Jay Merchant (born 16 May 1982 in Red Deer, Alberta, Canada) is an Australian curler and curling coach originally from Canada.

Teams and events

Men's

Mixed doubles

Record as a coach of national teams

Personal life
Merchant was born and grew up in Coronation, Alberta, Canada.  His father, Archie curled in national oilman's competitions and his mom and older brother curled as well.  

After highschool, Merchant attended the University of Lethbridge where he studied for a Bachelor of Arts in Political Science. He spent the majority of his time working in oil and gas as a labourer and then became an executive with M&N Construction in between his studies.

He was a member of then Member of Parliament Rick Casson's steering committee and curled out of the Lethbridge Curling Club. He played juniors in Alberta and made it to provincials a number of times. In 2003 he played for University of Lethbridge at the CIS/CCA Curling Championships; they were in the top five.

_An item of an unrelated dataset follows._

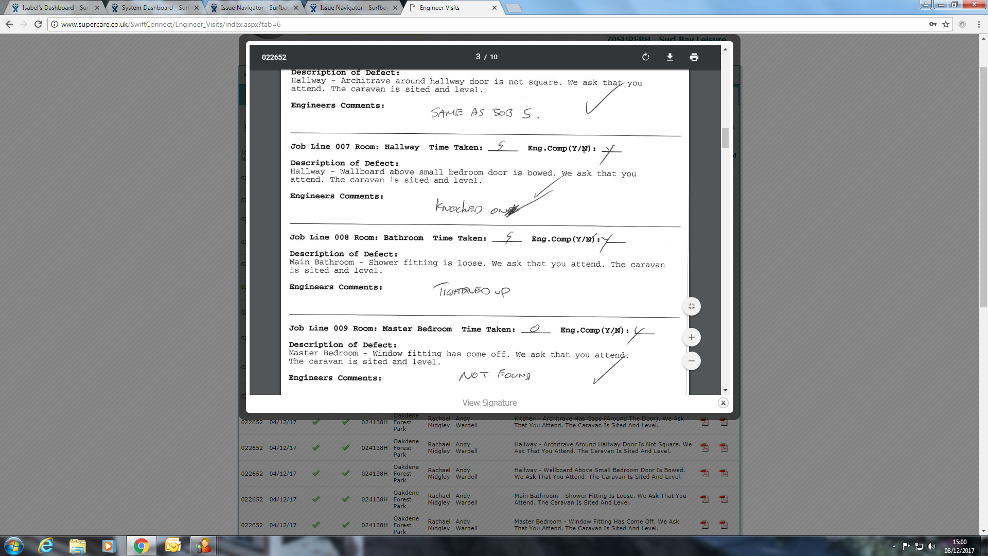 This is 1 of 29 issues that were reported by the owner to Leanne at the park see file attached. I have created the claim and submitted it through to Swift see screen shot attached. Park updated via email see screen shot attached.

Merchant continued to compete in men's and competed in provincials in Alberta, Saskatchewan and Quebec in various levels of the sport.

In the 2000s, he curled on the World Curling Tour, and was a member of the Guy Hemmings' team in 2008.

In 2007 the Australian Winter Olympic Committee asked him to migrate to Australia on a distinguished talent visa. In 2010 he moved to Australia to coach and play with the Australian National Team and pursue a law degree at Bond University, which he completed in 2012.

Merchant studied a master's degree in business law at Bond University. He also completed his Juris Doctor and postgraduate diploma in legal practice. Merchant currently is a sergeant of police and is also a barrister working predominantly in the Queensland Magistrates Courts.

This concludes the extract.